12. The husband of the deceased P.W. 3, his brother P.W. 4, the uncle of the husband of the deceased i.e. P.W. 5 - Gorakh made certain variances in the oral dying declarations said to have been made to them. The deceased told them that the present appellants had committed rape on her. Evidence on record would further show that earlier the deceased had filed complaint against the present appellants of making sexual advances against her.
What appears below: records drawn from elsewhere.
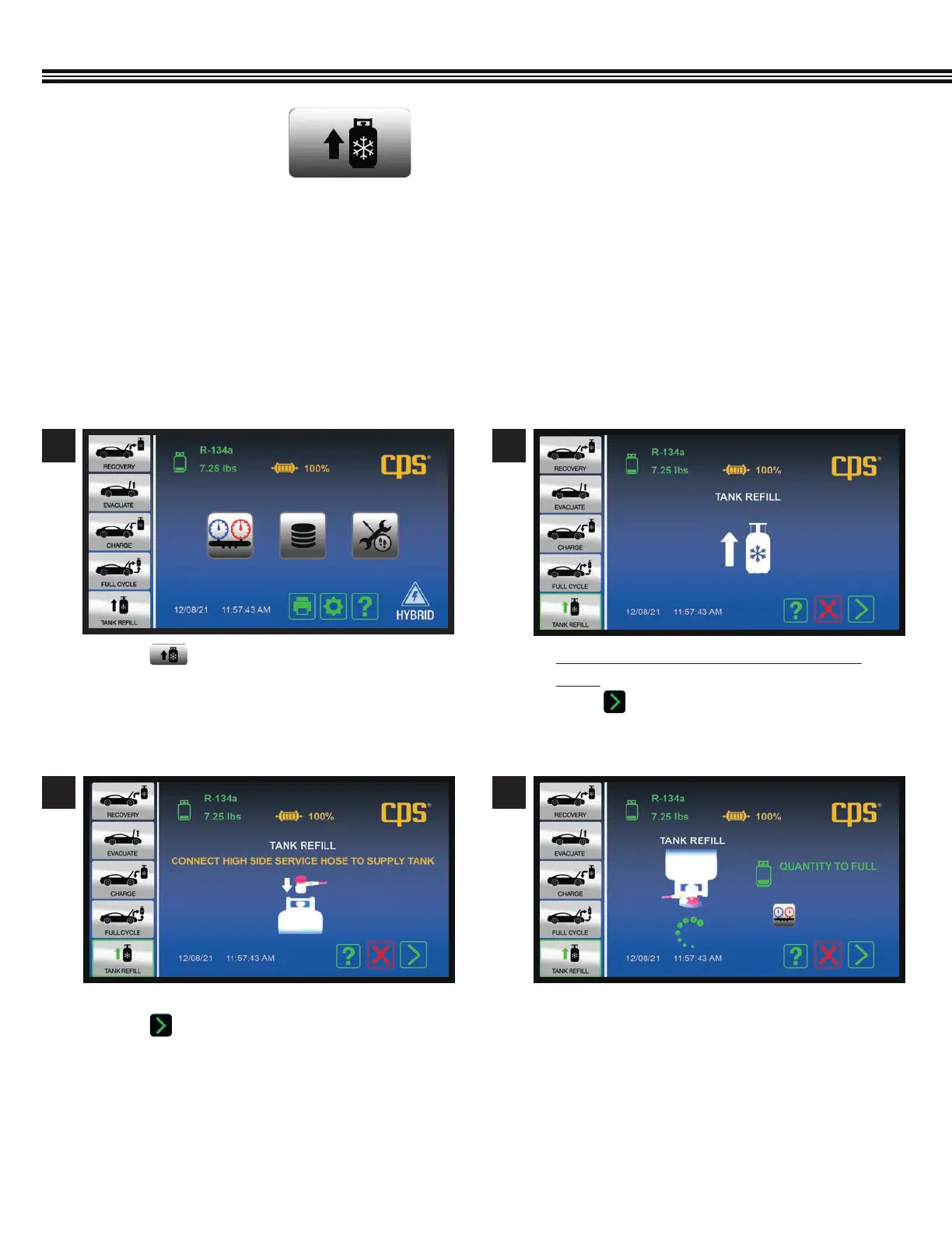 a. Touch to add refrigerant to the MX134 Tank.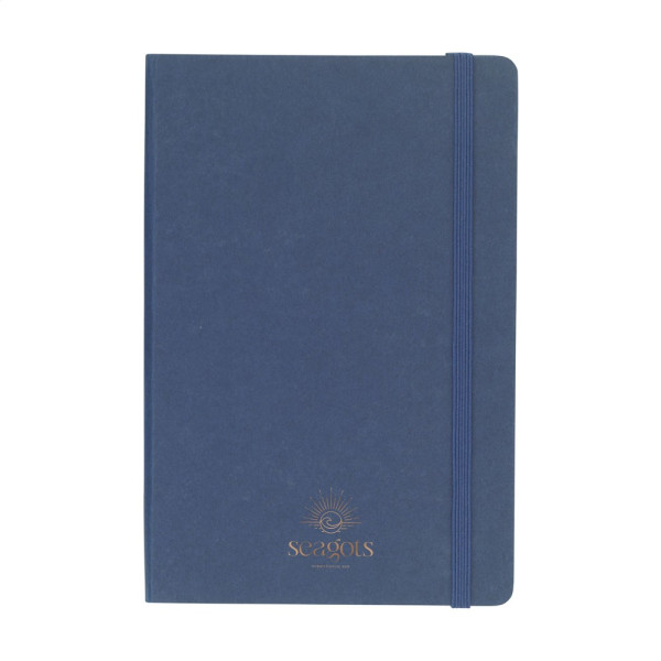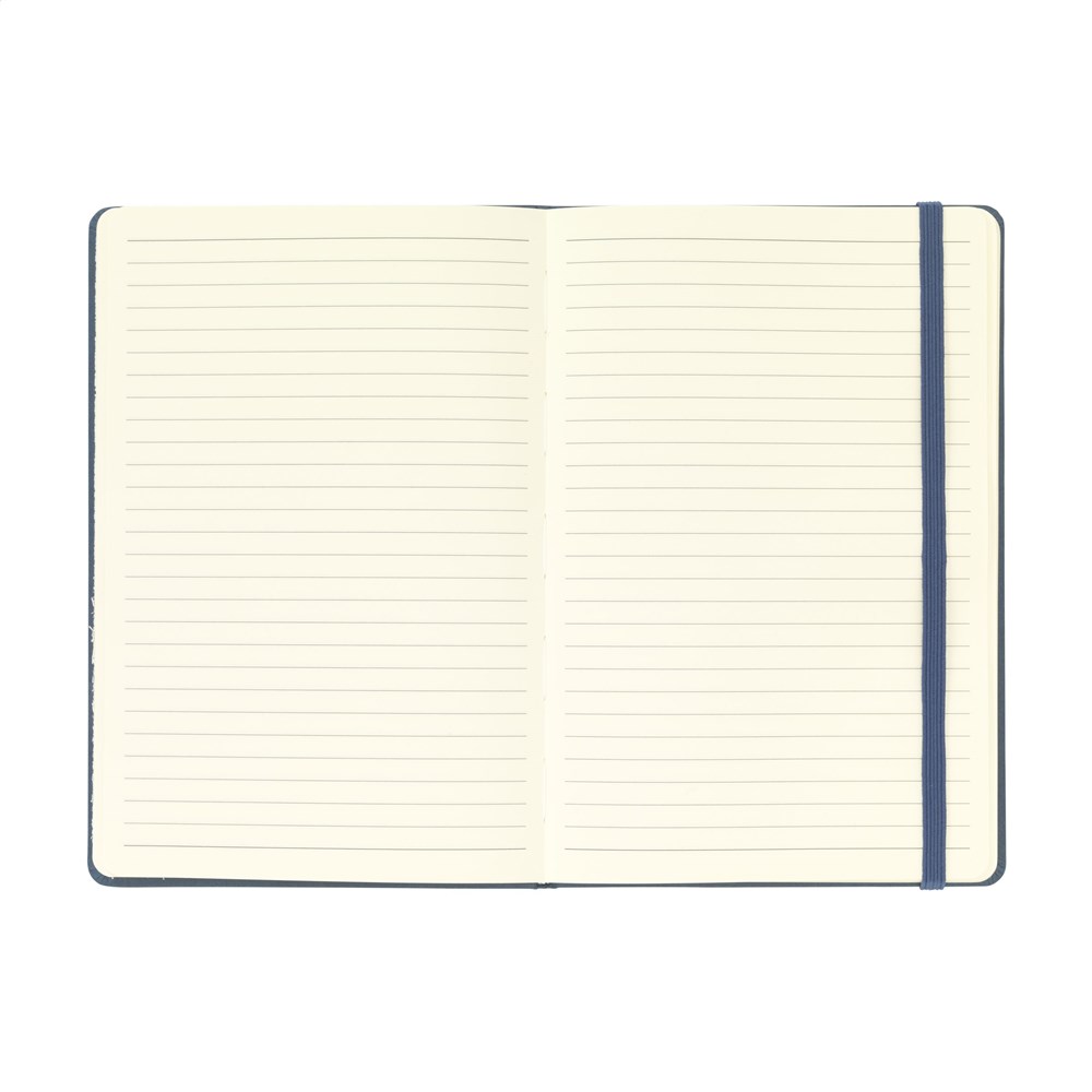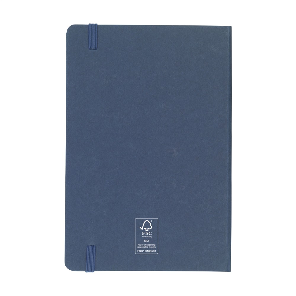 A5-Notizbuch mit Hardcover aus FSC Mix zertifiziertem Karton. Das Notizbuch umfasst ca. 80 Blatt/160 Seiten cremefarbenes, liniertes FSC Mix zertifiziertes Papier (70 g/m²). Mit gebundenem Buchrücken und praktischem Gummiverschluss.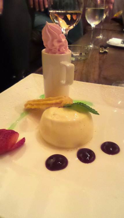 Oooh, I love pana cotta. In very simple terms, it is a cream-based jelly and is oh so delicious. Vanilla and cinnamon is always a delicious combination, which went well with the very cute, pink strawberry cream and sugared biscuit.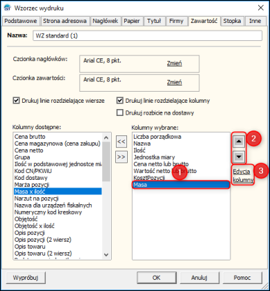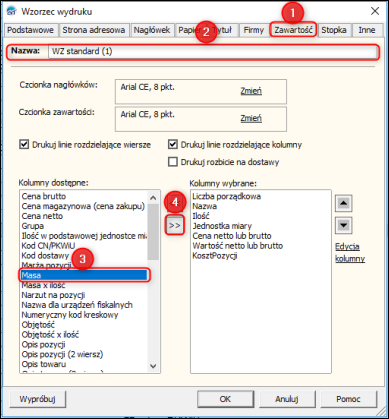 2. Wprowadzić Nazwę nowego wzorca wydruku, przejść na zakładkę Zawartość, w sekcji Kolumny dostępne zaznaczyć kolumnęMasa i umieścić kolumnę w sekcji Kolumny wybrane używając szarej strzałki skierowanej w prawo.

The said complaint however was compromised and, thereafter, the present incident has occurred.
13. The statement of the deceased in the dying declaration recorded by the Executive Magistrate that there was no earlier enmity, should have therefore to be appreciated in the light of the fact that the earlier complaint was compromised and therefore no enmity had remained.
14. It is no doubt true that the oral versions given by the relatives of the deceased are exaggerated than the dying declaration as well as the F.I.R. of the deceased. Certain embellishment from the interested witnesses would be natural. The Court however has to scrutinize the evidence and remove the chaff from the grain and find out the truth. There was no reason for the deceased to make false allegations against the present appellants that they had breached her modesty by entering in her house by threatening her with knife.
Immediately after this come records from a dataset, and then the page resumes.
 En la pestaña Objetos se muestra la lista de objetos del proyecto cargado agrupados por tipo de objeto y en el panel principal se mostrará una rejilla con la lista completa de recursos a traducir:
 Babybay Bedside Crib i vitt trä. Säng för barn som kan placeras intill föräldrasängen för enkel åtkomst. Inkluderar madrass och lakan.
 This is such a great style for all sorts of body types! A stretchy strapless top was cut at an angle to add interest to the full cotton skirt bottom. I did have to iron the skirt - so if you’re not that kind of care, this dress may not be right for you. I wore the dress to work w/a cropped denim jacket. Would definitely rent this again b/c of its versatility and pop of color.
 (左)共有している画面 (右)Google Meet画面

15. In that view of the matter, I do not find that the inconsistency is worth throwing away the material on record.
16. Mr. Suryawanshi relies on the ratio in the case of "Suresh S/o Shrirang Mandawgane v. State of Maharashtra" 2010 ALL MR (Cri.) 147, to buttress his submission that if there is variance between two dying declarations regarding details of the incident being completely different, the dying declarations should not be believed. It is however not applicable in the present set of facts.
17. Mr. Suryawanshi has submitted that panchanama of spot of occurrence would show that one house is in the vicinity of the house of the deceased and, therefore, there is a probability that an eye witness to the incident or atleast to the entering of the appellants in the house of the deceased, however, no such independent witness is examined.
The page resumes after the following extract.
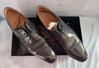 Elegantes zapatos de vestir de la marca Calce. - Diseño clásico y sofisticado. - Acabado brillante. - Cordones para un ajuste seguro. - Suela de cuero. Usados una vez

18. The argument is based on probability. It was 8.00 pm in the night. The prosecution case is that there was electioneering and, therefore, the husband of the deceased was away from the house. It can therefore be gathered that the other male members of the nearby houses possibly were not in their houses. In the circumstances, the probability need not be probed further.
19. The next of the submission of the learned counsel for the appellants that, as there was no preparation of making any offence before entering the house is made out, the ingredients of the offence punishable under section 452 of the Indian Penal Code are not made out.
Mr. Suryawanshi for this purpose relied on the ratio of
20. It is to be noted that in both the dying declarations, the deceased has referred to knife. In one of the dying declaration, she stated that the appellants threatened her that they would take her life by knife, while in the other dying declaration, she stated that they brandished knife while doing so.
It would thus be clear that the present appellants with knife entered in her house. In that view of the matter, the lesser offence is also not made out.
21. The last of the submission of Mr. Suryawanshi is that, since the appellants were in custody for a period of 109 days, the same would be sufficient punishment.
22. The record would show that the earlier dispute between the parties of similar nature was settled by the deceased and her husband, still, the same incident has been repeated by the appellants, which ultimately took the life of the deceased. In the circumstances, no leniency is required to be shown. Hence the following order:--
23. Criminal Appeal is hereby dismissed.
24. Bail bonds of the appellants shall stand cancelled.
25. Disposal of the property on the line of the directions issued by the learned Sessions Judge, be carried.